La gare centrale pour évangéliser
            Enfin, l’attention aux jeunes pauvres se manifeste dans la volonté missionnaire d’atteindre les jeunes de Rome à travers le Centre de Jeunes ouvert Via Marsala, juste à la sortie de la gare Termini où passent chaque jour environ 300 000 personnes. Un lieu qui soit une maison pour les nombreux jeunes italiens et étrangers qui visitent Rome ou vivent à Rome et qui ont une soif, parfois inconsciente, de Dieu. De plus, autour de la gare Termini s’amassent depuis toujours des pauvres marqués par la fatigue de la vie. Une autre porte ouverte sur Via Marsala, outre celle du Centre des Jeunes et de la Basilique, exprime le désir de répondre aux besoins de ces personnes avec le Cœur du Christ, car en elles resplendit la gloire de son visage.
            La prophétie de Don Bosco sur la Maison du Sacré-Cœur du 5 avril 1880 accompagne et guide la réalisation de ce qui vient d’être dit :

Don Bosco voyait loin. Notre Mgr Giovanni Marenco rappelait une de ses paroles mystérieuses, que le temps ne devait pas effacer. Le jour même où il accepta cette offre très onéreuse, le Bienheureux lui demanda :
– Sais-tu pourquoi nous avons accepté la maison de Rome ?

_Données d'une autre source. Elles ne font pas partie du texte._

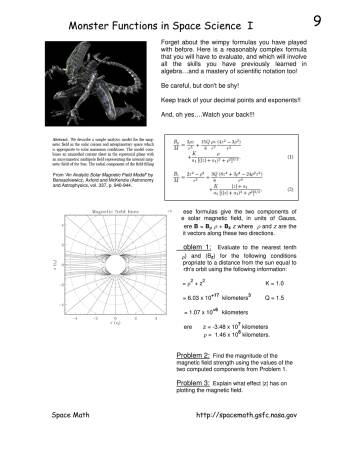Space Math III -- Problem 9, Monster Functions in Space Science I
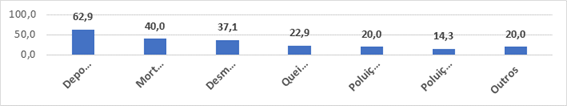 Na opção “Outro”, para livre preenchimento, cinco moradores do condomínio Village responderam não ter conhecimento de problemas ambientais, enquanto que outros dois indicaram a “queda de galhos grandes no condomínio, inclusive amassando um carro e quebrando o muro” (relato do entrevistado) e sobre o rio Mandacaru: “a considerar os rejeitos oriundos a montante, acredito que o rio já deve vir bastante poluído de João Pessoa” (relato do entrevistado).

– Moi non, répondit celui-ci.
– Eh bien, fais attention. Nous l’avons acceptée parce que, lorsque le Pape sera celui qui n’est pas encore et comme il doit être, nous mettrons dans notre maison la gare centrale pour évangéliser la campagne romaine. Ce sera une œuvre non moins importante que celle d’évangéliser la Patagonie. Alors les Salésiens seront connus et leur gloire resplendira. (MB XIV, 591-592).